A decision by Infini Resources (ASX: I88) to send lab-busting uranium assays from its Portland Creek project in Canada back for re-analysis has delivered wild grades and a matching share price hike on the ASX this morning.


With the company’s stock jumping more than 83 per cent – a second big run in as many weeks – management says the soil sampling grades going up to 74,997 parts per million (7.5 per cent) uranium oxide could be the highest ever recorded. Its share price had been sitting as low as 14.5c just a fortnight ago, but hit a high of 90c today as nearly 7.5 million units changed hands in the first three hours of intraday trading.


Infini last week revealed that 17 soil samples had broken the upper limit of detection at the lab, putting the market on edge to see exactly what sort of uranium value was lying within the Portland Creek ground in the Canadian province of Newfoundland. That release triggered an initial 226 per cent share price rise and clearly locked in a new market focus on the company’s operation.


Now, today’s run has meant a more than 520 per cent hike in just 14 days.


Management today confirmed that seven of the 17 soil samples from a prospective strike of more than 100m returned grades of more than 3 per cent uranium oxide. Interestingly, the average background reading in soils is 8ppm, so the peak anomalous sample of 74,997ppm is a staggering 9375 times greater.


These follow-up assay results confirm that the Company has encountered world-class grades of uranium in soil samples at Portland Creek. I am not aware of any other explorers that have returned results close to what we are seeing here in our maiden fieldwork program.
Infini Resources CEO Charles Armstrong

The high-grade samples defined a 235m-by-100m zone coincident with an historic radon gas anomaly. Radon is a gas that has no smell, colour or taste.


The zone at Infini’s Talus prospect remains open to the east and west after 39 samples returned more than 1000ppm uranium oxide, with soil sampling covering only 400m of a prospective 3.2km-long zone defined by historic radiometric data. If the “ore-grade” soil samples continue for the length of the anomaly, the suggestions of a high-grade deposit with significant scale will begin to look more and more likely.

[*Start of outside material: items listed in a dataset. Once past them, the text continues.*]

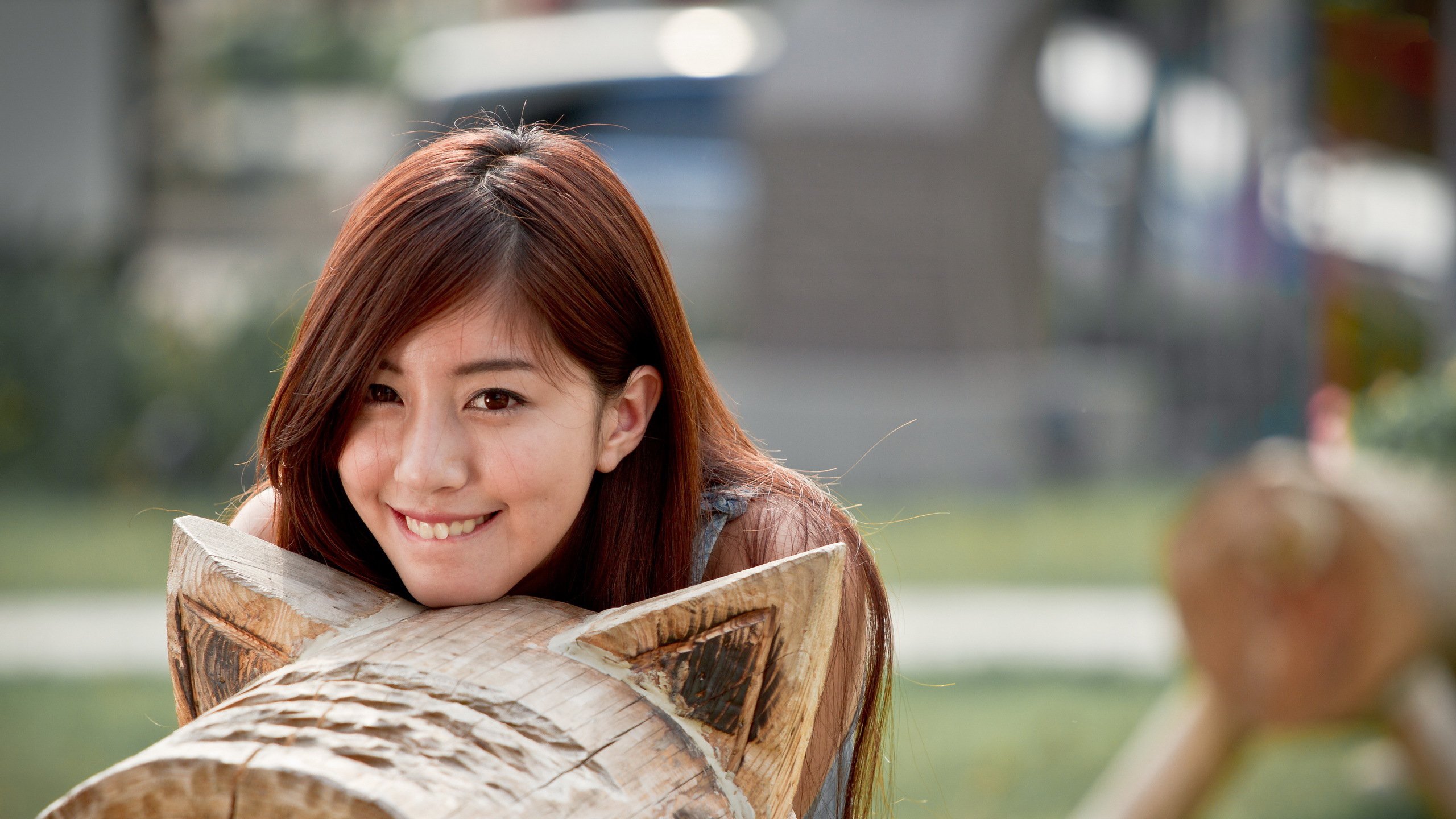 Description: A woman with red hair and a wooden animal statue in front of her.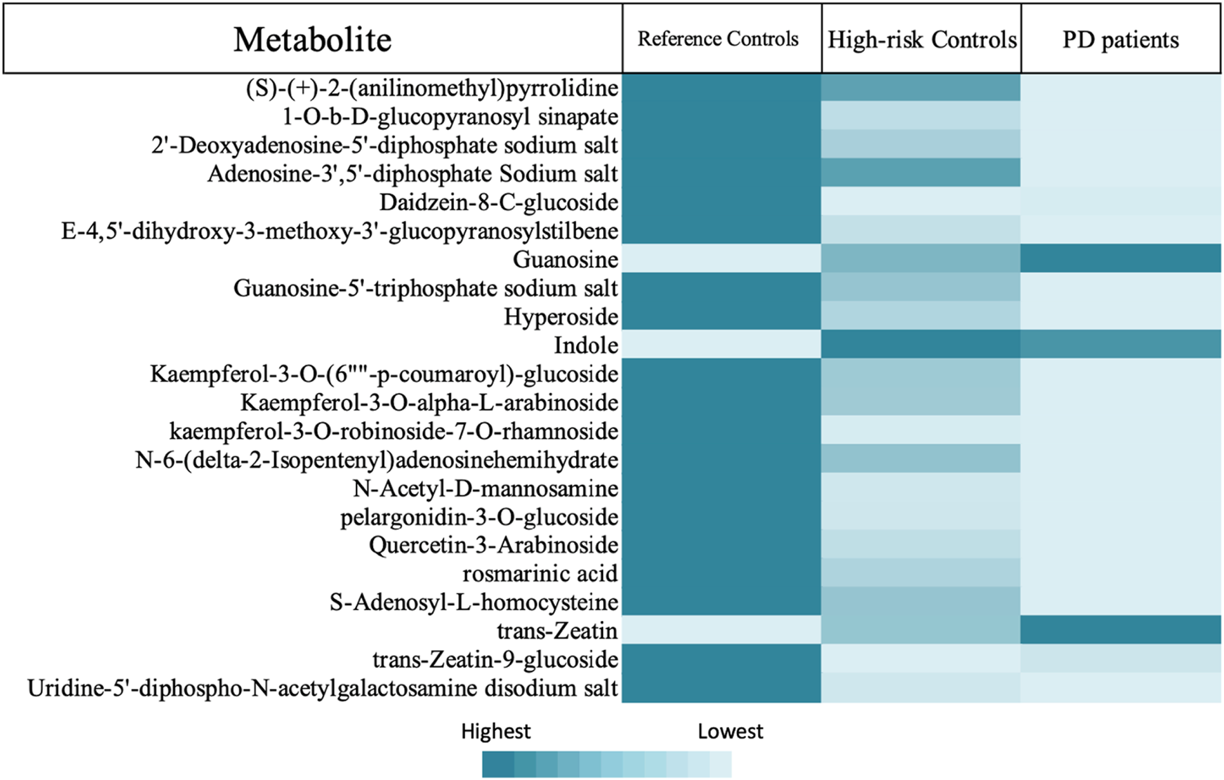 Methods: In this study, we have collected plasma from 27 PD patients, 18 reference controls, and 8 high-risk controls to perform a metabolomic study using liquid chromatography-electrospray ionization–tandem mass spectrometry (LC-ESI-MS/MS).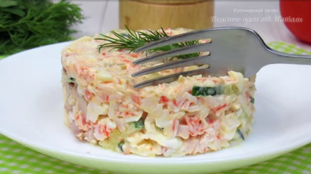 Дуже смачний і простий у приготуванні салат, хоч до святкового столу, хоч до вечері з крабовими паличками і копченою грудкою. Мій улюблений рецепт.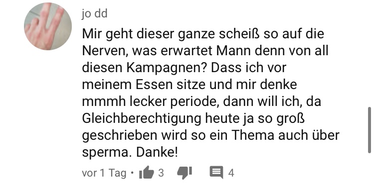 Dann stolpert man über ein Video und liest Kommentare wie „über mein Sperma redet niemand“ und merkt: Wir sind noch nicht fertig. Das Team von MDR reagiert gekonnt sachlich auf die (oftmals unpassenden) Kommentare und beeindruckt uns mit starkem Community Management.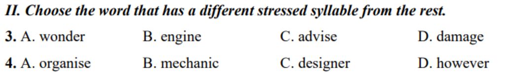 `-` Câu `B` `C` `D` trọng âm `2` , câu `A` trọng âm `1` .

Radon gas surveys have now become the immediate focus for Infini, which intends to continue urgent sampling across two radon gas anomalies that flank the 3.2km-long radiometric anomaly. The two radon gas anomalies are interpreted by management to be connected and together would cover a strike of more than 600m.


Follow-up geophysics from a UAV drone magnetic survey at Talus is now being processed to allow Infini to vector in on any structural controls or primary bedrock source of any potential uranium deposit lurking beneath the surface.


The company’s 100 per cent-owned Portland Creek project covers an area of 149 square kilometres through ancient Precambrian rocks and features the extensive regional uranium anomaly that was identified in the 1970s by a Newfoundland Government stream sediment sampling program.


The company’s priority target areas all lie along the same north-south 3.2km trend that was identified from the 1970s work. The main Talus prospect adjacent to the remarkable soil samples is about 1600m long, with the other two lower-order targets sitting within about 700m of the southern extremity of the main trend.


The word talus implies a form of often coarse erosional cover obscuring in-situ rocks and explains the nature of the undercover uranium target the company is pursuing. Infini will now look to immediately define drill targets for testing and is likely to have a raft of high-priority options.


With the Paris Olympics just 16 days away, it seems suitable to dub Infini’s uranium soil results as the Usain Bolt of discoveries for the element, as they appear to have charged to multiple world records – just like the legendary Jamaican sprinter. The company is now hoping it can replicate the initial success with the drill bit to have it sitting among its high-grade Canadian uranium counterparts at the world-class Athabasca Basin in Saskatchewan.